The data below contains pictures, which are to be skipped; the lines starting at the line with "随便1次游戏收益即可,不要应用任务(推荐消消乐类,简单快速)" and ending at the line with "虽然她们大概率是为了学分才做" are to be output exactly, both ends included.

THE INPUT:

Start of Block

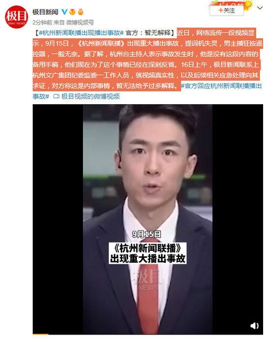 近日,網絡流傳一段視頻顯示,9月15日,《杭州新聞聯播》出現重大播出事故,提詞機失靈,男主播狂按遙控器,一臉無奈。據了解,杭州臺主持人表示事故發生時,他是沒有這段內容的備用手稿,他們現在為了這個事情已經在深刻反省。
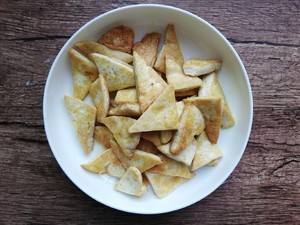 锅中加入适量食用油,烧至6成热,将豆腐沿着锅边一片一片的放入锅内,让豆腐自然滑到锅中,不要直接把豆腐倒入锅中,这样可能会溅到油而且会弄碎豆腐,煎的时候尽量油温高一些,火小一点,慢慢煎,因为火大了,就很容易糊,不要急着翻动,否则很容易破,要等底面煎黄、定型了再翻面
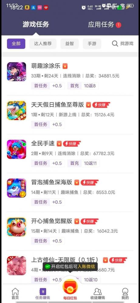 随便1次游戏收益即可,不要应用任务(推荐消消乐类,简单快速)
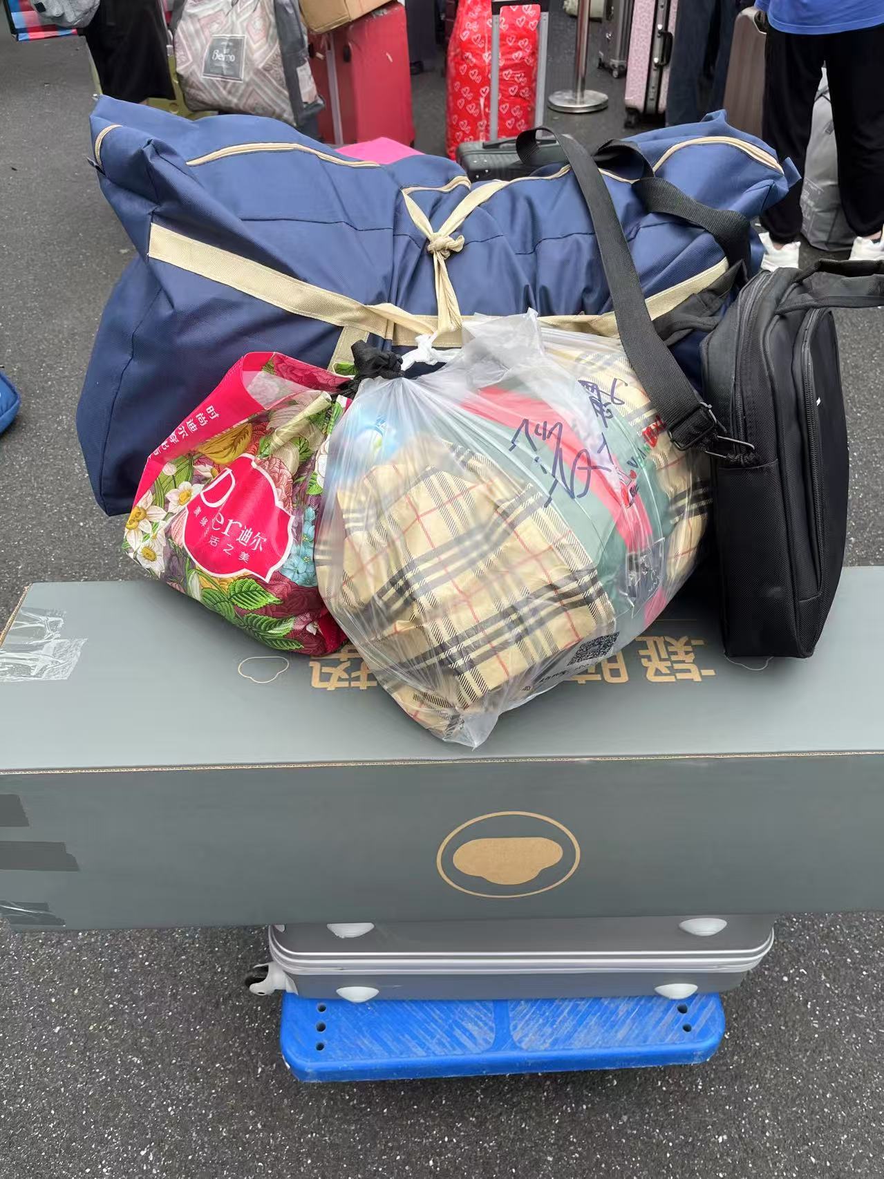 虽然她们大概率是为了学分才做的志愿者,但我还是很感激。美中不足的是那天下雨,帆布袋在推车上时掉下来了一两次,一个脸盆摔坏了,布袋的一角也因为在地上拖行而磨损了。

End of Block
Start of Block

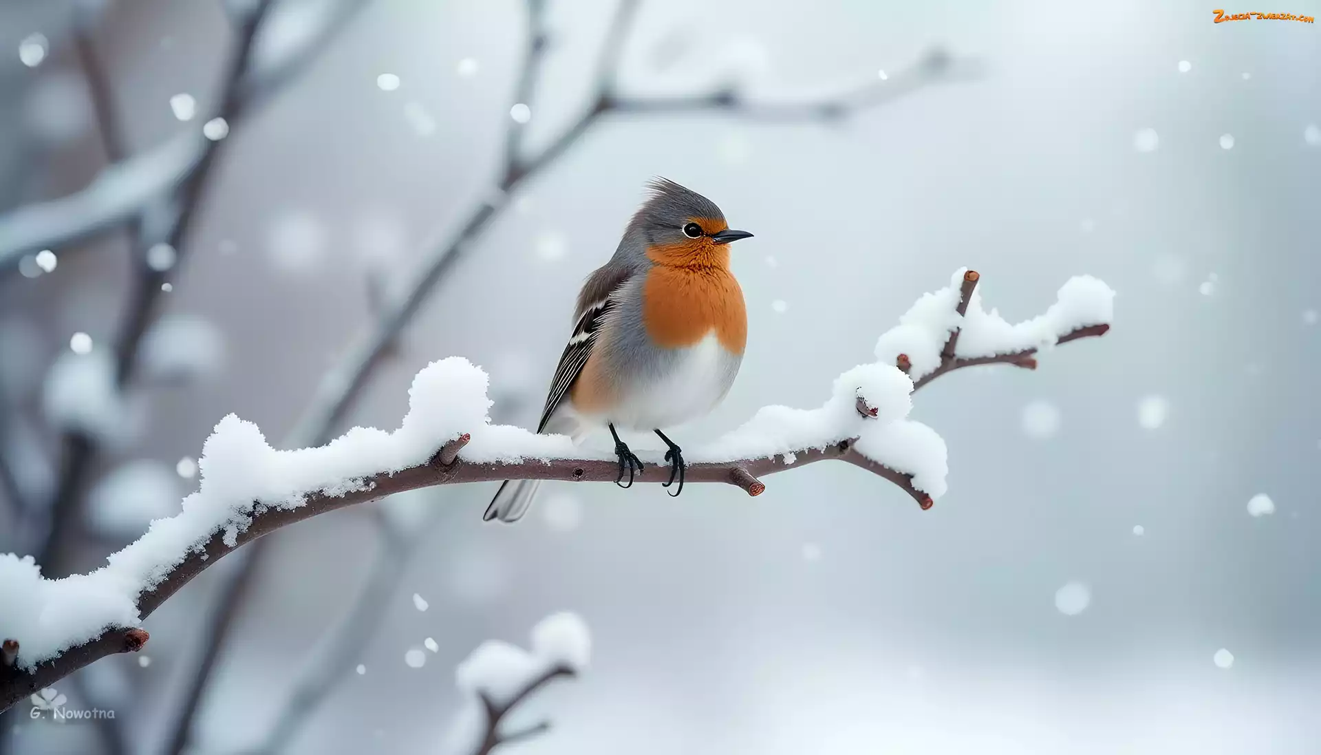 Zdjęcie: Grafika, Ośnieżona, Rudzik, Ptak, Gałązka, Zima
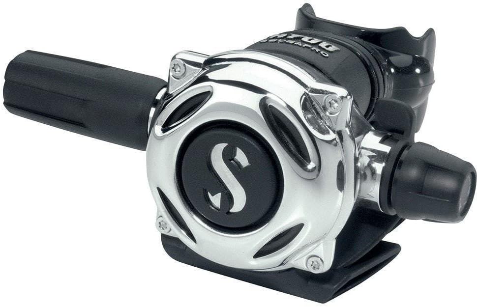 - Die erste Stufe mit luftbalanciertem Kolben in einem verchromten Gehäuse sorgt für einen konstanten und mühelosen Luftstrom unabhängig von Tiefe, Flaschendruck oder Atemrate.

End of Block

RESULT:
 随便1次游戏收益即可,不要应用任务(推荐消消乐类,简单快速)
 虽然她们大概率是为了学分才做的志愿者,但我还是很感激。美中不足的是那天下雨,帆布袋在推车上时掉下来了一两次,一个脸盆摔坏了,布袋的一角也因为在地上拖行而磨损了。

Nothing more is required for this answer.